When I walk, the music I hear plays a big role in my mood for the day, somedays, and lately it seems to be more dark, brooding, intense focusing music.
To dig down deep into my psyche and soul and search for what it is I need to release.
But today this song came on, and all the thoughts running thru my head, about life, about bad feelings, whatever it was....drifted up and out of me and away, floated up into the atmosphere, and I really heard this song.
The reason I was walking, the reason I always walk, the reason I have walked every day and the reason I eat healthy now and try to keep my mind focused on this Spark Life, is FOR ME, AND NOTHING ELSE MATTERS.
I am doing this, healthy living, changes, to prolong my life, to be healthy, to lose weight, to try to live a better life than I did for the first 44 years of my life.
The future, and nothing else matters.
I am not doing it for anyone, although, I do want to be around for my son, and maybe when he ever gets married and has kids, for that family too.
I want to be able to grow old, and do it a little more healthy than I might have before.
And nothing else matters.
People who come and go from our lives, the ones who go, let them if they must.
Dont try to hold them.
They have their reasons for needing to go.
The jobs we lose, the friends who move on, the relationships that mold us, for good or for bad.
The memories, both good and bad, the ones we long to dream about and the ones we dread to even think about.

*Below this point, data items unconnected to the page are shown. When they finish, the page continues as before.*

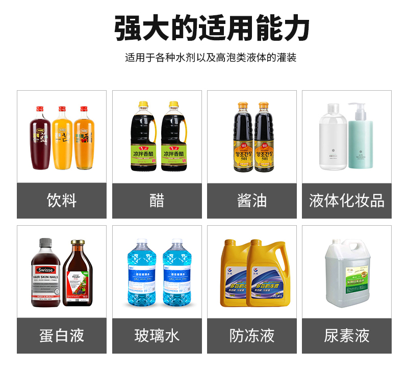 双头液体定量灌装机适用于各种水剂以及高泡类液体的灌装。如:饮料、醋、酱油、液体化妆品、蛋白液、玻璃水、防冻液、尿素液等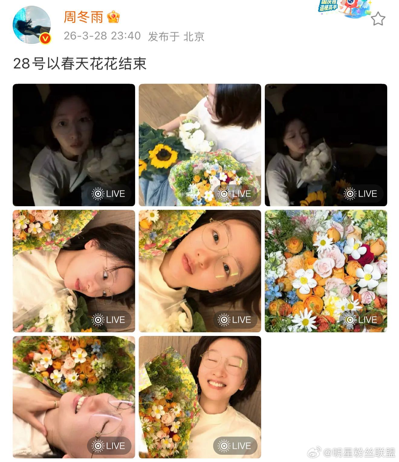 周冬雨和粉丝送的花合影 素颜戴眼镜和春日花花合影,周冬雨状态真的好好!这花还是粉丝送的,我们三金影后就这么会宠粉周冬雨28号以春天花花结束
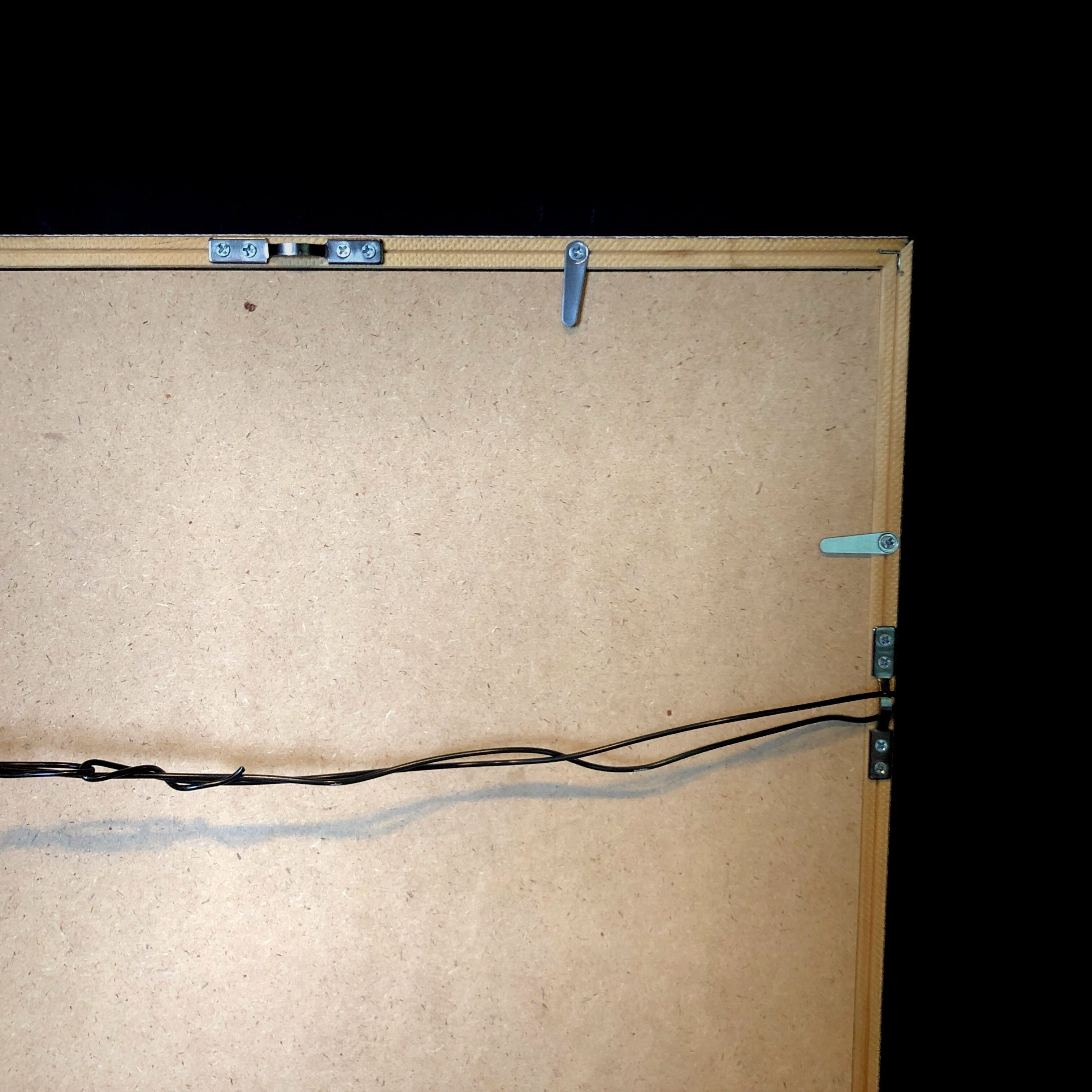 写真は反射防止の為、アクリル板を抜いて撮影しました。実際には木製額にアクリル板が入ります。額のサイズは大衣版、外寸約52.5×41センチです。

They will be with us thru time, if our minds stay sharpe. Nothing we can do about that.
Learn from the mistake and choose your battles.
Today, I decided, that I am the most important thing, my weight loss, my health, my good feelings and thoughts and the people I love, who also love me.
And nothing else matters.
Today, I was just really thinking about my son and the words they use in NA, JUST FOR TODAY.
Because I have been so focused on next Wed and my docs appt and hoping the scale will be where I want it to be.
But after hearing that song and deciding, right now, this walk, this hour, on the walking track, burning calories and soaking up the sun and listening to music and thinking and letting go of bad feelings and holding on to the good ones....that moment, was all that mattered.
I will get thru this day and I will have it made.
Then tomorrow, I will do it all over again.